About this exercise =
Please set down the data word for word; images do not go in the copy.

Data section =
──────────

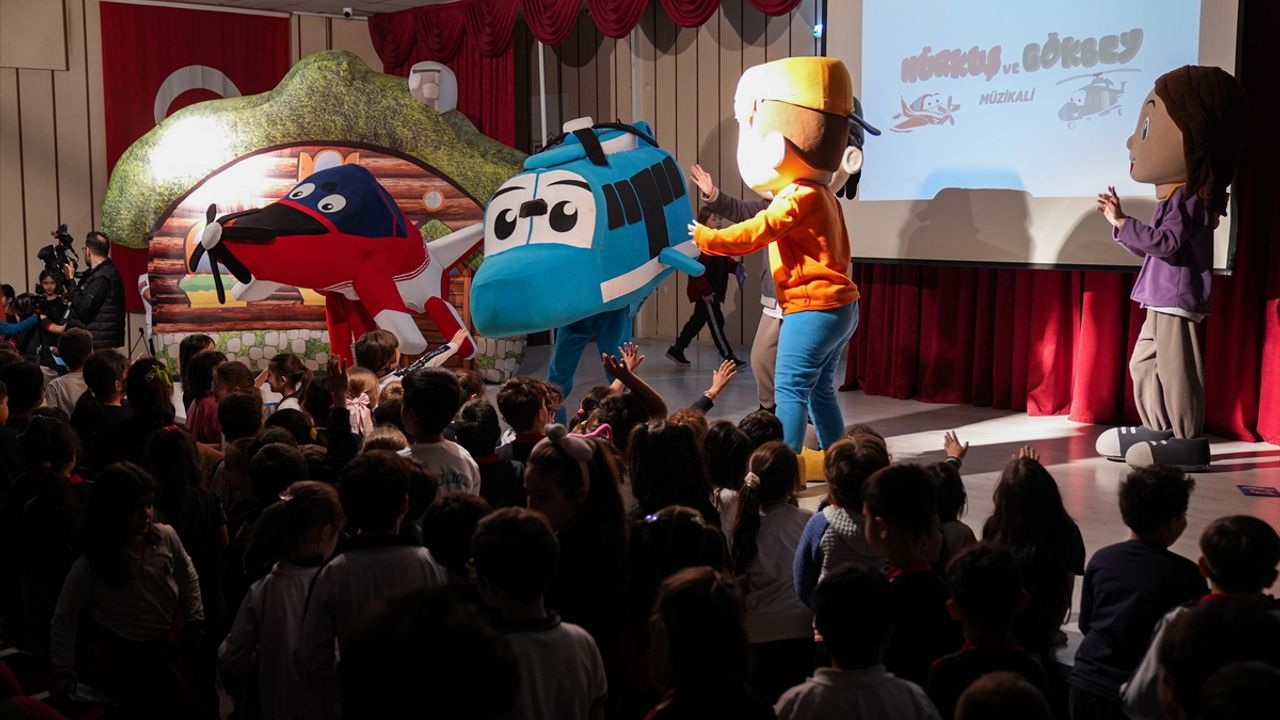İZMİR (AA) - İzmir'de, Türk Havacılık ve Uzay Sanayii (TUSAŞ) tarafından çocukların havacılık ve uzay hakkındaki farkındalıklarını artırmak, onlara yerli ve milli hava araçlarını tanıtmak amacıyla hazırlanan müzikal, öğrencilerle buluştu.
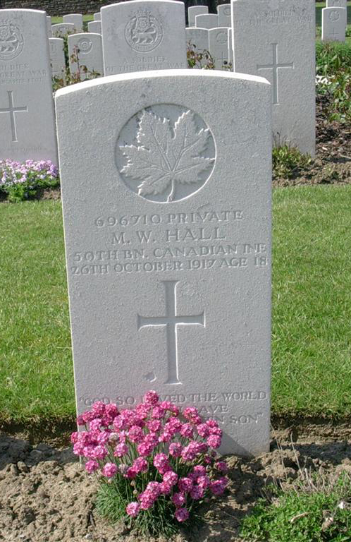 Pvt Hall died on October 26, 1917. He is now buried in the Passchendaele New British Cemetery, Passchendaele, Arrondissement Ieper, West Flanders, Belgium.
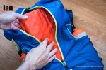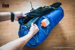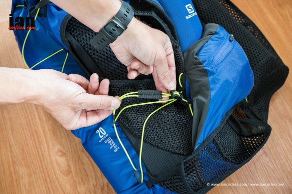 On the top of the rear of the pack above the zip, is a central cord pull. Pull this and the yellow cord that wraps around the pack pulls tighter and compresses the contents. Great when the pack is full to make everything tight and secure but especially useful as the days pass when racing and the pack contents become less.
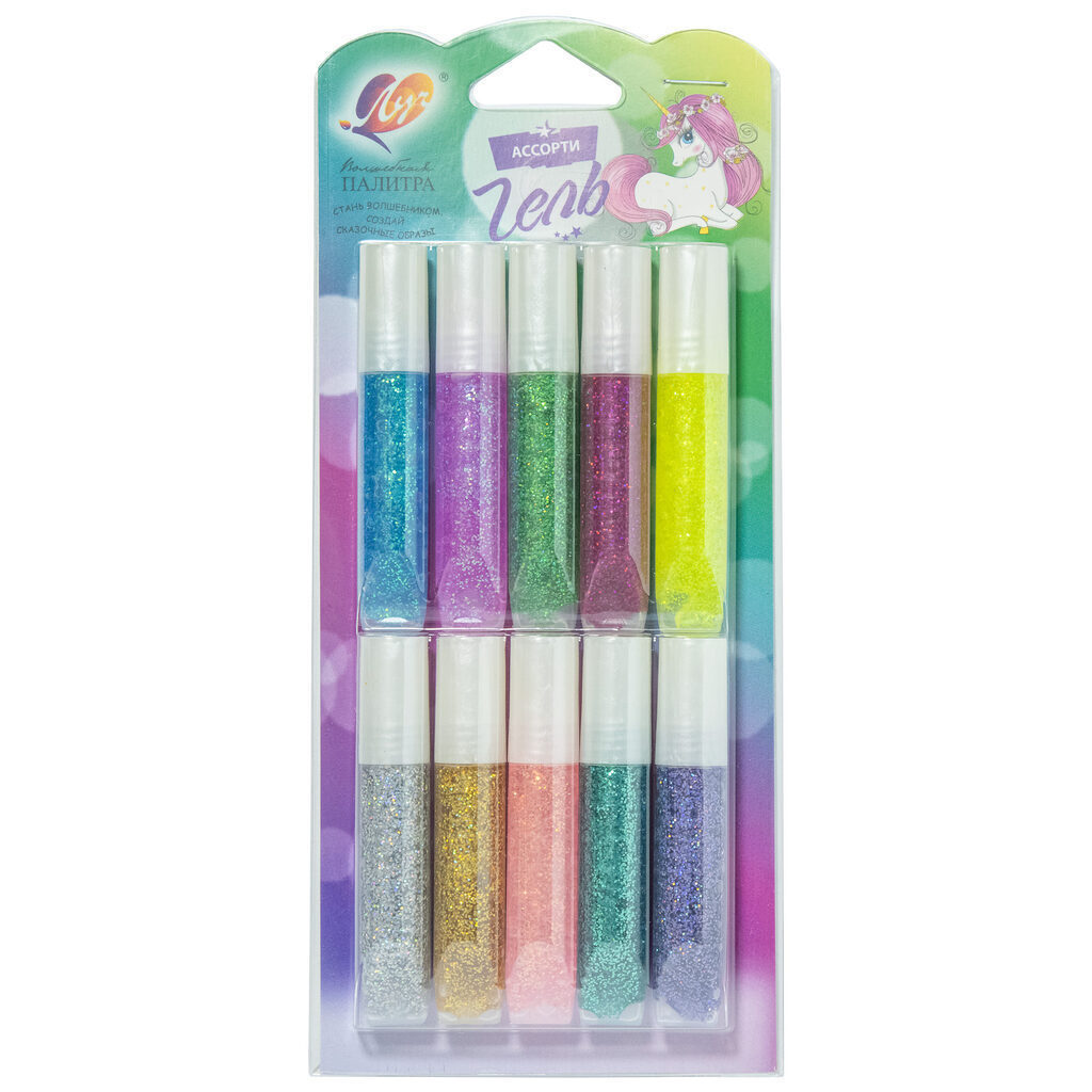 Гель цветной с блестками 10цв*5мл., Блеск + Неон

──────────

Result for this exercise =
İZMİR (AA) - İzmir'de, Türk Havacılık ve Uzay Sanayii (TUSAŞ) tarafından çocukların havacılık ve uzay hakkındaki farkındalıklarını artırmak, onlara yerli ve milli hava araçlarını tanıtmak amacıyla hazırlanan müzikal, öğrencilerle buluştu.
 Pvt Hall died on October 26, 1917. He is now buried in the Passchendaele New British Cemetery, Passchendaele, Arrondissement Ieper, West Flanders, Belgium.
 On the top of the rear of the pack above the zip, is a central cord pull. Pull this and the yellow cord that wraps around the pack pulls tighter and compresses the contents. Great when the pack is full to make everything tight and secure but especially useful as the days pass when racing and the pack contents become less.
 Гель цветной с блестками 10цв*5мл., Блеск + Неон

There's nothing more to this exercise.